Même après l’installation, « on pouvait s’attendre à ce qu’il y ait d’autres dommages ». « C’était constant. Il y a eu beaucoup de réparations sur la structure pour qu’elle survive jusqu’à l’ouverture du nouveau pont », souligne Mme Salas, qui cite notamment les « arbalètes », ces béquilles qui ont soutenu le pont pendant des années après l’installation de la super-poutre.
Un changement structurel
Dix ans plus tard, le constat est clair : « L’industrie a tiré beaucoup de leçons de tout ça », dit l’ex-directeur de l’ingénierie de la SPJCC, Juan Echagüe.
« Pour moi, c’est surtout la collaboration qui s’est faite dans l’urgence qui a été impressionnante. Tout le monde était du côté solutions, tout le monde s’entraidait. C’est quelque chose qui m’a marqué, qui a été beau à voir », note-t-il à cet égard.

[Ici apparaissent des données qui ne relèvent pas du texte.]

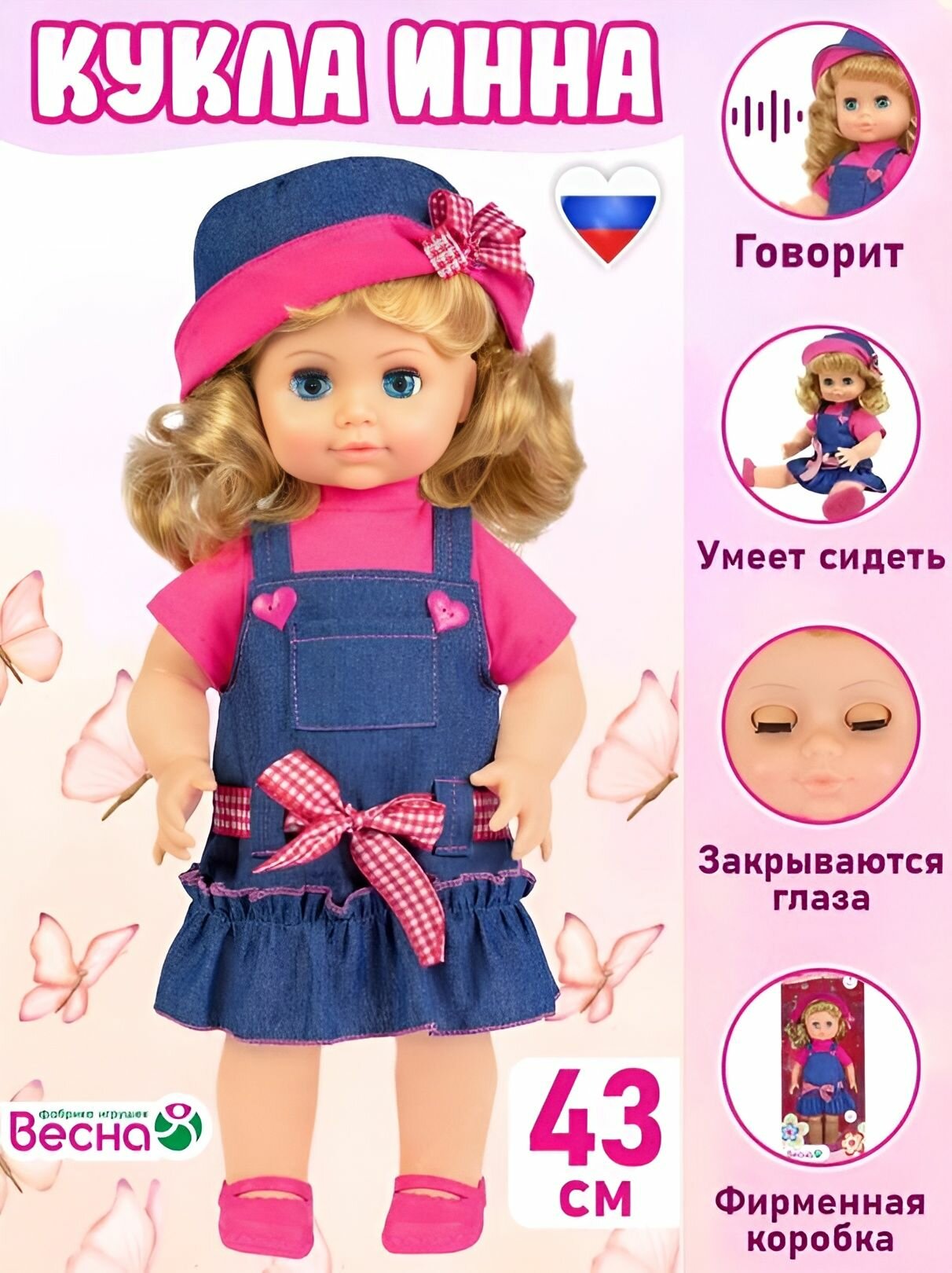 Игрушечная кукла для девочки «Инна 21», большая, рост 43 см. Озвученная. Умеет говорить, классическая куколка с длинными волосами, закрывающая глаза (арт. В2623-о): сравнение цен, характеристики, фото, актуальное наличие и цены.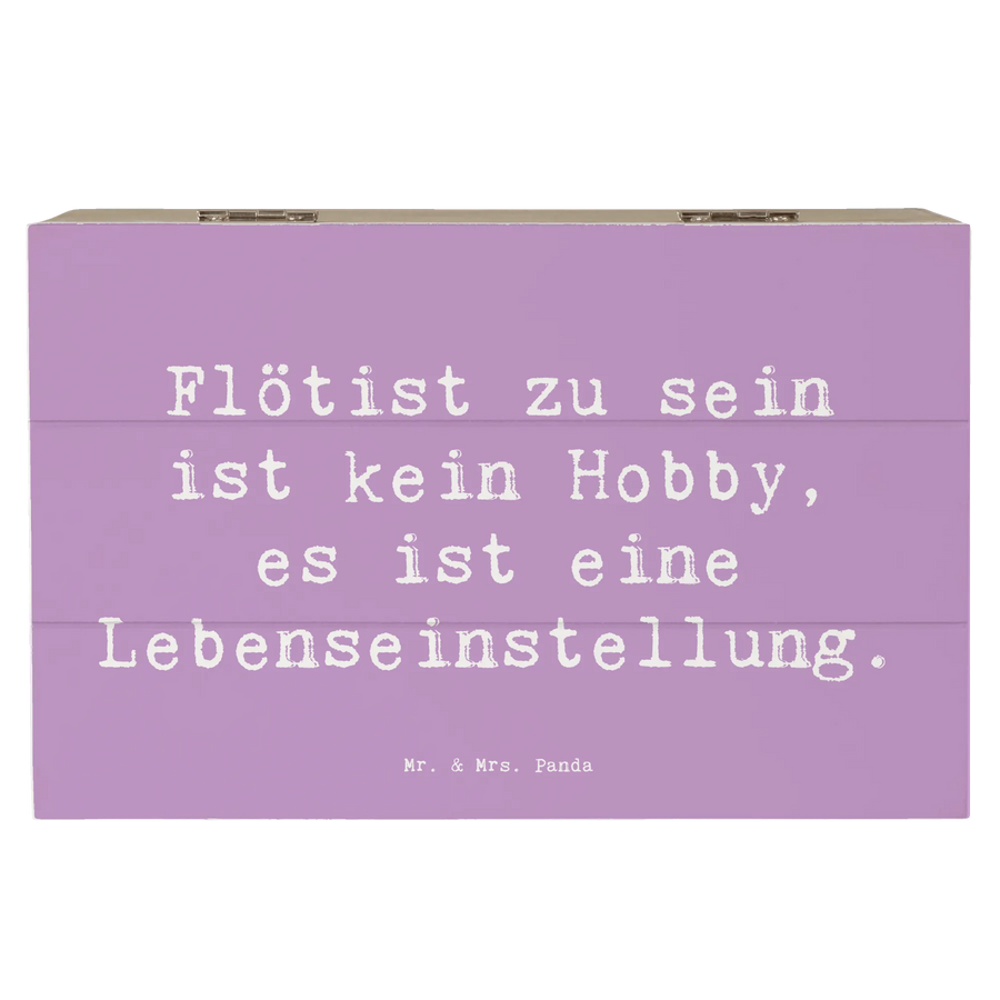 Diese wunderschöne Holzkiste von Mr. & Mrs. Panda ist das perfekte Geschenk für Musikliebhaber und Flöten-Fans! Die Kiste trägt das zauberhafte Motiv einer Flöte und die Aussage "Flötist zu sein ist kein Hobby, es ist eine Lebenseinstellung." Ob für Umzüge, Feste oder einfach nur um Erinnerungen zu sammeln, diese vielseitige Holzkiste eignet sich hervorragend als Aufbewahrungsort für all deine Schätze.

Comme ses collègues, il affirme que la réussite de l’opération a aussi grandement contribué à redorer le blason de la profession d’ingénieur, au moment où le Québec était secoué par plusieurs scandales de corruption qui ont mené à la commission Charbonneau. « C’était une époque où, en plus, le pont Champlain et l’échangeur Turcot étaient en fin de vie utile. La réputation des ingénieurs et l’industrie étaient attaquées de toutes parts. Pour nous, réussir ça, ça a été un sacré boost de fierté », dit M. Echagüe.
Pascal Villeneuve est du même avis. « Ça a été une sorte de wake-up call, de bougie d’allumage pour la construction du nouveau pont, mais aussi pour le maintien des ponts en place. L’année d’après, PJCCI a obtenu des budgets importants sur plusieurs années. Les budgets avant, c’était toujours annuel. Et en 2013, c’est l’une des premières fois où on a eu un budget sur deux ans », explique-t-il.
En 2014, le groupe a finalement obtenu pour la première fois un budget sur cinq ans, jusqu’en 2019. « Ça nous a vraiment permis d’orchestrer beaucoup mieux l’ensemble des travaux d’entretien des ponts. […] Aujourd’hui, je pense qu’on est plus conscients de l’état des infrastructures. On est vraiment passés d’un mode réactif à un mode planification », conclut M. Villeneuve.
L’installation de la « super-poutre »
12 novembre 2013 : Alors que l’état du pont Champlain suscite l’inquiétude depuis des années, une fissure est repérée dans une poutre de rive.
22 novembre 2013 : Après avoir fermé deux voies et constaté l’état de la fissure, PJCCI annonce le transport d’une attelle d’acier, la « super-poutre », pour éviter une rupture majeure.
30 novembre 2013 : La super-poutre est enfin installée, un samedi. L’opération d’envergure aura pris cinq jours au total.